Ambiance

Publié le par Mum des îles

Wallis attend son nouveau Lavelua dans l’incertitude
La mort du lavelua de Wallis, début mai, a plongé la petite île dans un climat délétère. Un deuil coutumier de six mois a été décrété par le palais pour faire taire les prétentions à la succession. L’avenir a du mal à se dessiner.
 « C’est étrangement calme, mais l’ambiance est lourde. Chacun se demande comment les choses vont se passer », s’interroge, sous couvert d’anonymat, un habitant d’origine métropolitaine.
Après un règne de près de cinquante ans, Tomasi Kulimoetoke est décédé le 7 mai, à l’âge de 88 ans, dans son palais, solide bâtisse située à Mata’Utu.
Wallis et Futuna sont régies par une organisation coutumière et monarchique qui repose sur trois rois, un à Wallis et deux à Futuna.
La France, elle, représentée par une Administration supérieure, gère la collectivité en concertation avec les rois et leurs ministres, qui perçoivent des indemnités.

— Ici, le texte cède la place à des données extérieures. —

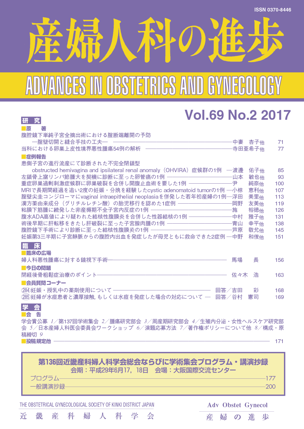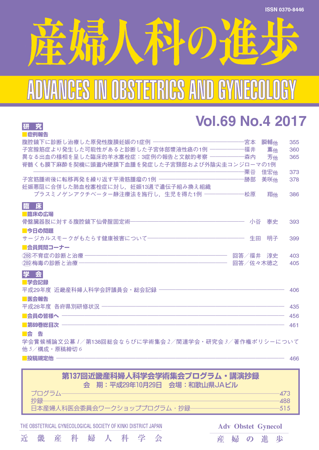 産婦人科の進歩69巻 1-4号
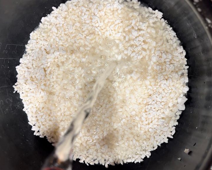 お湯(55-60度)を米麹が浸かるくらい入れる。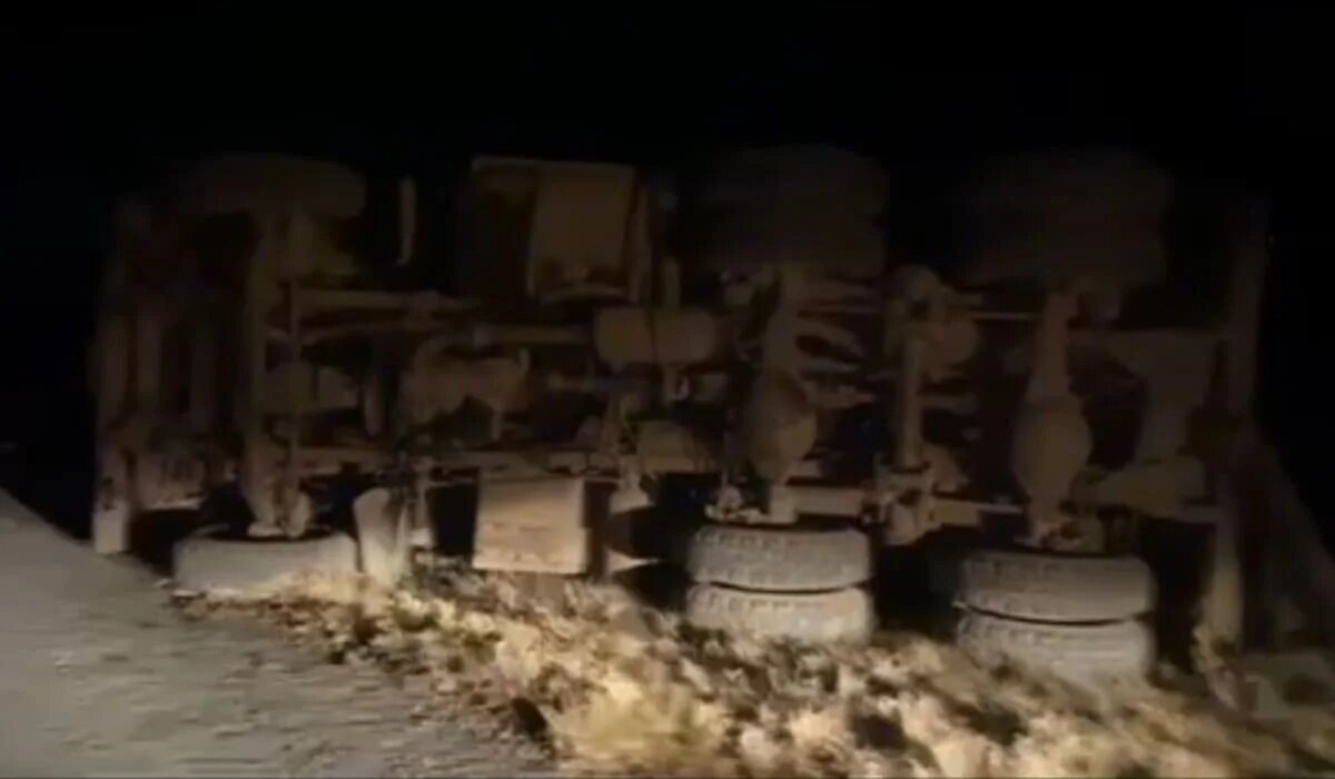 Нетрезвый водитель опрокинул КамАЗ на трассе в Павлодарской области (ВИДЕО)

Dans cet archipel isolé du monde, coutume et religion catholique rythment l’existence.
 
Un tournant historique après un conflit dur
 La mort de Tomasi Kulimoetoke, intronisé le 12 mars 1959, constitue un tournant historique à Wallis, tandis qu’à Futuna les rois changent tous les trois à cinq ans.
Personnage très respecté, fidèlement attaché à la République, Tomasi Kulimoetoke, affaibli par l’âge et la maladie, avait, depuis une dizaine d’années, délégué ses pouvoirs à sa famille, notamment à sa fille, Etua.
Sous l’influence de celle-ci, un conflit dur a opposé la grande chefferie (le roi et ses ministres) à l’Administration supérieure en 2005. Le fils d’Etua, condamné à dix-huit mois de prison pour homicide involontaire, avait reçu la protection du palais, qui entendait faire prévaloir les règles coutumières sur le droit pénal français. La grande chefferie avait même demandé l’expulsion du préfet de l’époque et de deux magistrats.
Opposées à cette attitude, des familles nobles du nord de l’île, soutenues par le préfet, avaient destitué le vieux monarque et programmé l’intronisation d’un remplaçant « plus moderniste ».
Le projet avait entraîné, en septembre 2005, une démonstration de force des partisans du roi, qui avaient paralysé l’île avec des barrages tenus par des hommes solidement armés.
Inquiet de la tournure des événements, l’Etat avait finalement réaffirmé « sa reconnaissance » de Tomasi Kulimoetoke. Depuis, les tensions se sont apaisées mais la succession du lavelua pourrait les raviver.
 
Six mois pour réfléchir à la successsion
 Pour faire taire les ambitions, le palais a imposé un deuil coutumier de six mois, durant lequel animations, danses ou rassemblements sont interdits. Les palabres en vue de la désignation d’un nouveau souverain pourraient aussi être ajournées.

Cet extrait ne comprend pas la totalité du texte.